Recorded information:

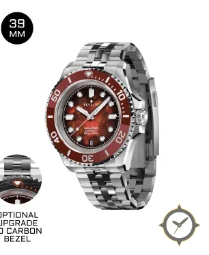 Eine Taucheruhr-Uhr mit einem vielseitigen 39mm Gehäuse, das an fast jedes Handgelenk passt, gefertigt aus Edelstahl mit einem Zifferblatt in rot und einer besonderen "hexagonal honeycomb texture with gradient depth"-Oberfläche.
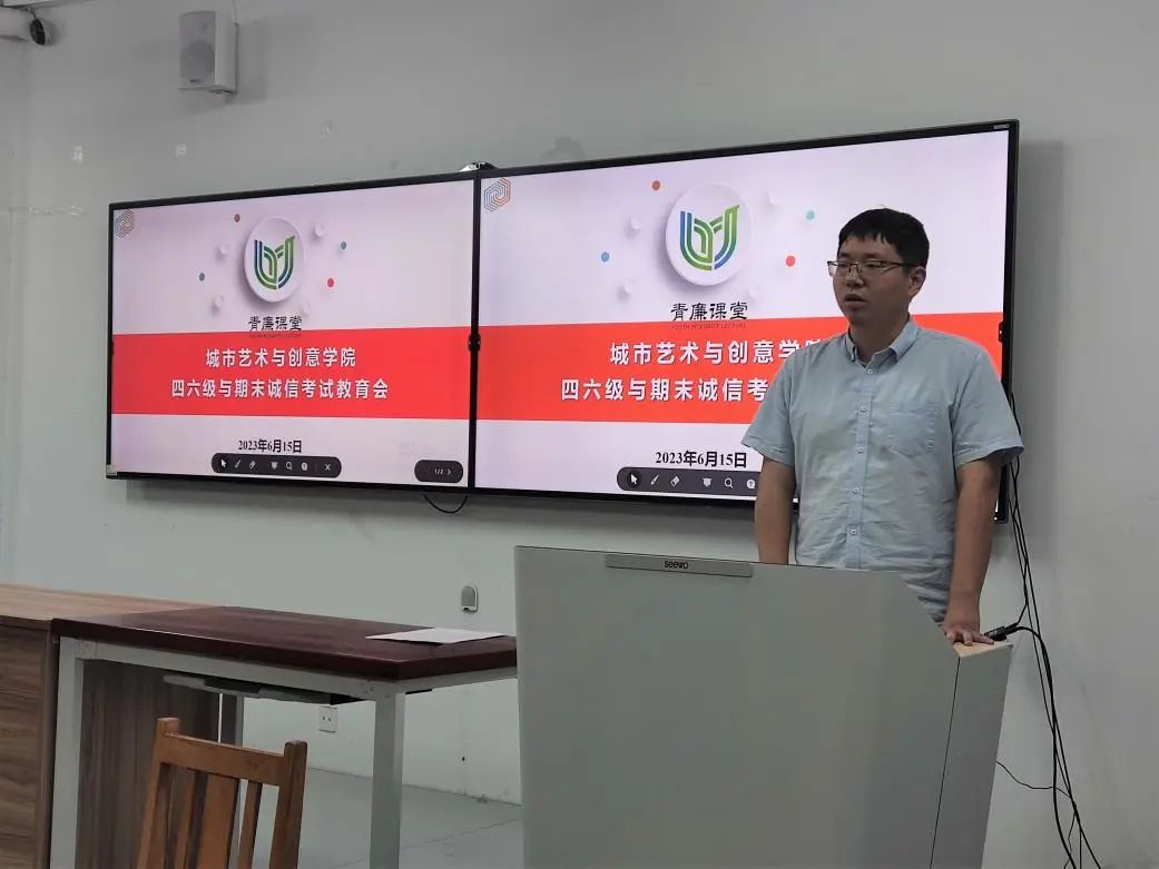 为认真抓好“青廉课堂”活动落实,加强对广大学生廉洁教育,严肃考风考纪,倡导文明答卷,教育引导学生增强以德立身、清正廉洁的意识,6月15日,城市艺术与创意学院依托礼·艺工作站,在艺文楼四楼报告厅开展了青廉课堂暨大学英语四六级和期末诚信考试教育会,帮助城艺学子树立"诚实做人,诚信考试、拒绝作弊"的正确考试观念,激励学生认真学习、沉着应考,营造了良好的学风、考风。
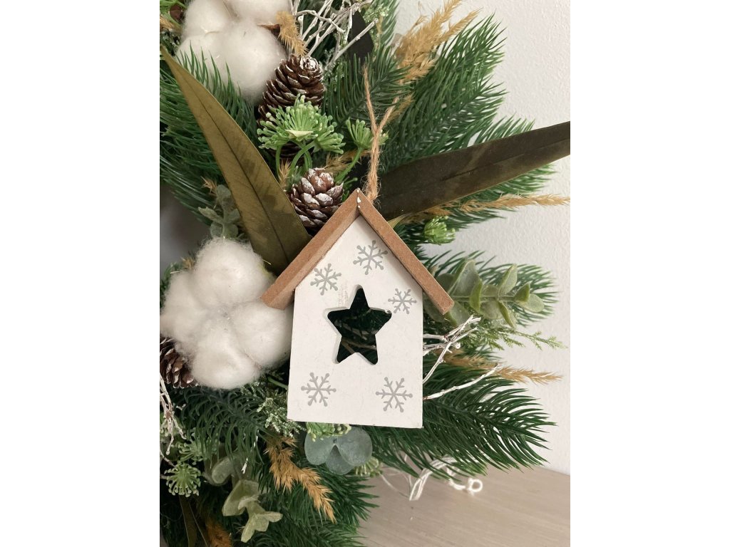 Drevený domček s vyrezávanou hviezdičkou bude krásna vianočná ozdoba pre vyznávačov prírodných dekorácii. Rozmery domčeka Výška 8,8cm Dĺžka: 7cm Hĺbka: 1,8cmBuďte prvý, kto napíše príspevok k tejto položke.

Task: A faithful transcription of the material, with no pictures, is the expected result.

Final answer:
 Eine Taucheruhr-Uhr mit einem vielseitigen 39mm Gehäuse, das an fast jedes Handgelenk passt, gefertigt aus Edelstahl mit einem Zifferblatt in rot und einer besonderen "hexagonal honeycomb texture with gradient depth"-Oberfläche.
 为认真抓好“青廉课堂”活动落实,加强对广大学生廉洁教育,严肃考风考纪,倡导文明答卷,教育引导学生增强以德立身、清正廉洁的意识,6月15日,城市艺术与创意学院依托礼·艺工作站,在艺文楼四楼报告厅开展了青廉课堂暨大学英语四六级和期末诚信考试教育会,帮助城艺学子树立"诚实做人,诚信考试、拒绝作弊"的正确考试观念,激励学生认真学习、沉着应考,营造了良好的学风、考风。
 Drevený domček s vyrezávanou hviezdičkou bude krásna vianočná ozdoba pre vyznávačov prírodných dekorácii. Rozmery domčeka Výška 8,8cm Dĺžka: 7cm Hĺbka: 1,8cmBuďte prvý, kto napíše príspevok k tejto položke.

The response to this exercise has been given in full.